# FreeBSD Kernel Internals - Video Lectures (Any experiences?)



## honk (Jan 8, 2010)

Hi,

some time ago I found the following video lectures from Mr. McKusick for sale. I saw a free video (1st lesson) at youtube and it looks very interesting.

FreeBSD Kernel Internals: Data Structures and Algorithms
FreeBSD Kernel Internals: An Intensive Code Walkthrough

Unfortunately it's very expensive for me, but I really think about buying these videos. Is anybody here who took the videos and can tell me his experiences? I know that there are also a couple of books out there covering these topics, so I'm asking myself if I should go the (boring) way and hang over the books (only) all the time or if I get more from the videos (especially from didactic point of view). My intention is to become familiar with the FreeBSD kernel from a developers perspective and I like to develop some stuff I'm currently missing (anytime in the future), but up to now I don't find a good starting point.

cheers,
honk


----------



## GPF (Jan 11, 2010)

Hi there!

I have not watched these videos but I believe I can answer the second half of your question.

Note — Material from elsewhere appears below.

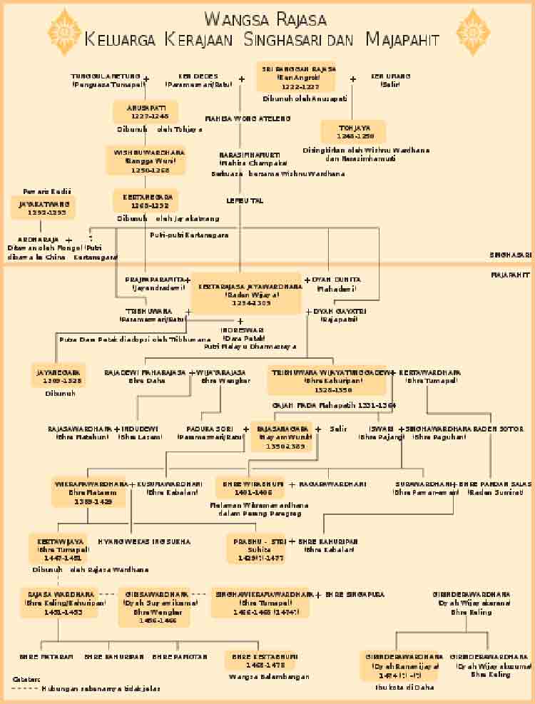 Setelah Raja Kertanegara wafat dalam penyerangan Jayakatwang dari Kediri, maka berakhir pula riwayat Kerajaan Singasari. Raja-raja yang pernah berkuasa di Kerajaan Majapahit merupakan penerus dari keluarga Kerajaan Singasari. Kerajaan Majapahit - merupakan salah satu kerajaan terbesar di Indonesia yang bercorak Hindu dan terletak di Jawa Timur.
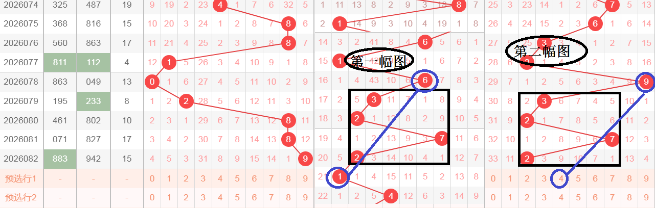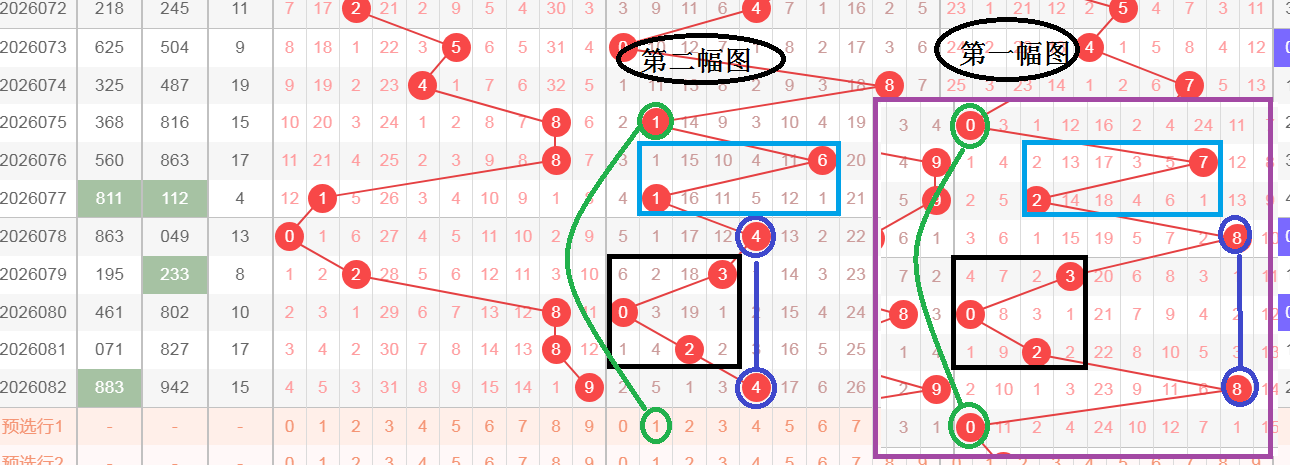这是一张叠加图,利用个位来分析十位,为了方便分析,我把图分成了第一幅图和第二幅图,第一幅图是个位,第二幅图是十位,在个位和十位同样出现了黑颜色框302,两张图的蓝颜色线条都是直落号,两张图的青颜色框都是两码差5,都是由大到小的排列方式,那么轮到今天,十位绿颜色线条会不会和个位绿颜色线条属于直落号,文字表达不太清楚,大家可以观看上面的视频

First of all, you *have* taken a look at danger's post, right?

I am currently studying the FreeBSD kernel myself so I can tell you what works for me.

1) Take a look at  watson's post
2) Get a copy of this book
3) Study the first few sections of the book that provide a relatively high level introduction to the kernel.
4) Use the book as reference each time you want to study a particular section of the kernel. 
For example, want to study memory management? Good, jump to chapter 5 of the book and use it to help you understand the code. Use the online cvs repo to study the code like this
5) Oh and this is a neat article about writing your own lkm.

ps: If you find reading books & documentation boring, I don't think you 'll be really interested in studying the FreeBSD kernel.

Anyhoo, good luck, hope I helped!


----------